Cosa è cambiato? È cambiato un soggetto della politica, ovvero i popoli. L’idea di popolo che, per un certo periodo, è stata agganciata a quella di nazione sta regredendo a quella di folla.
Come si può tentare di riprendere un controllo razionale e responsabile del rapporto tra potere e storia? Io sono convinto che l’unica maniera sia prendere coscienza di quello che realmente sta succedendo e avere il coraggio di reinventare l’intero quadro delle nostre istituzioni.
Si tratta di un aspetto certo molto impegnativo che però una classe dirigente, che voglia dirsi tale, non può eludere.
Perché tutto sta mutando; per esempio, nella guerra, nella comunicazione, in generale nell’innovazione tecnologica che tutto sta cambiando, dalle intelligenze, alla salute, ai comportamenti familiari, ai comportamenti intergenerazionali.
I problemi d’epoca sono affrontabili da una dimensione locale o da una dimensione glocale? Dopo aver maturato una riflessione ventennale su questi argomenti, tanto attraverso Globus et Locus quanto in Fondazione Giannino Bassetti, dico che non si può scegliere uno o l’altro corno del dilemma ma bisogna assolutamente riuscire a gestirli organicamente, altrimenti il discorso diventa astratto.
Intendiamo occuparci solo dell’innovazione produttiva o, pur consapevoli dei limiti, anche delle innovazioni sociali che fatalmente ne derivano?
Un’ultima considerazione: in artiglieria si dice “il cannone spara anche con l’affusto”. Si potrebbe forse dire che le istituzioni sono l’affusto del cannone del potere. Sono esse che lo riportano al territorio, cioè ai luoghi. Oggi la natura dei luoghi non è gerarchizzata dal piccolo al grande. Il glocalismo ha fuso l’ontologia del globale con quella di tutti i locali (connettografia di Khanna). Alla soggettività stanca dei popoli nazionali sta sostituendosi quella delle civilizzazioni, dalla unione degli stati (USA) la sintesi tra stato e ideologia della Cina comunista. All’ONU, l’UNAOC (Alleanza delle civilizzazioni). Nel caso nostro, io spero, dall’italianità l’italicità.

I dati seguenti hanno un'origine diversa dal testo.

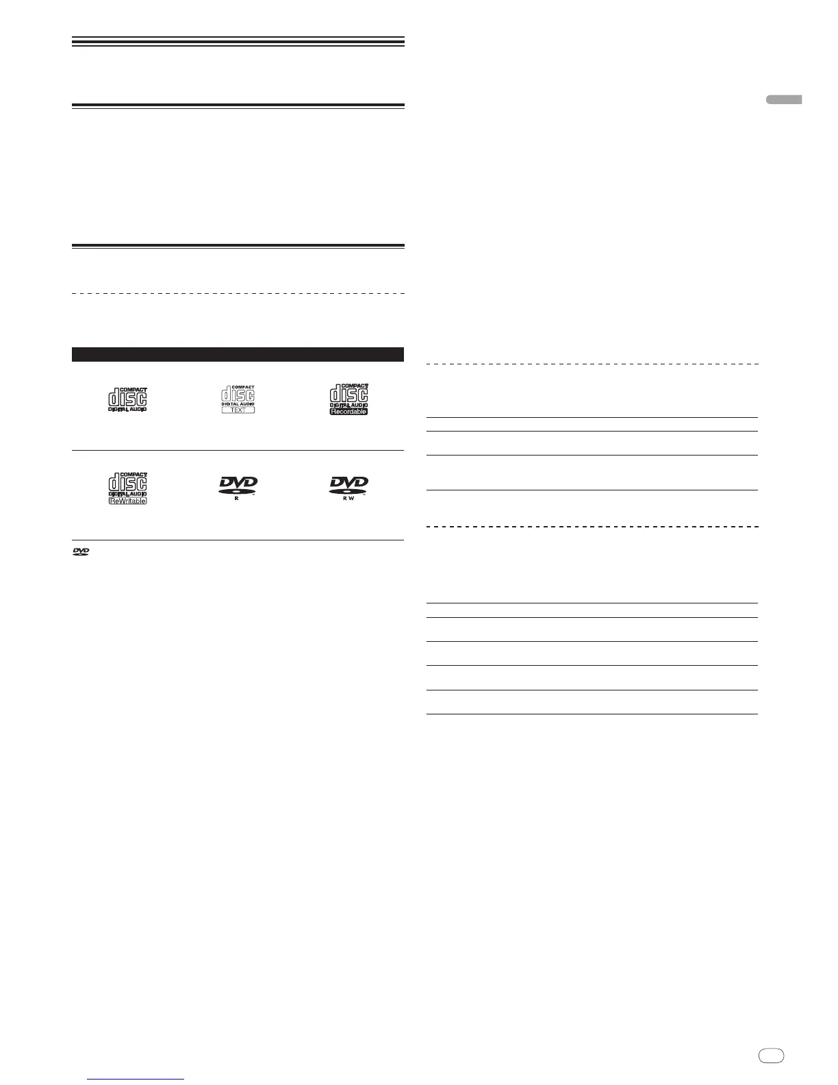 Discs playable on this player are as shown below.

E al capitalismo finanziario? La mobilità, velocizzata nel nuovo rapporto tra spazio quasi infinito e tempo quasi azzerato, pervade il territorio con modalità che non sono più quelle della vecchia geografia. La mano o il bastoncino passato da Schumpeter al corridore della fazione successiva.
Per me politica è arte della determinazione dei fini della polis. Ci sono allora momenti in cui la politica è fatta dagli intellettuali, altri in cui è fatta dai preti, o dai padroni. Nella società di oggi chi sono i veri protagonisti della politica? Coloro che gestiscono l’innovazione.
La prima cosa da fare per chi voglia sentirsi classe dirigente è capire. Se volete, il Papa direbbe discernere. Non si può farlo da soli, bisogna fare parte.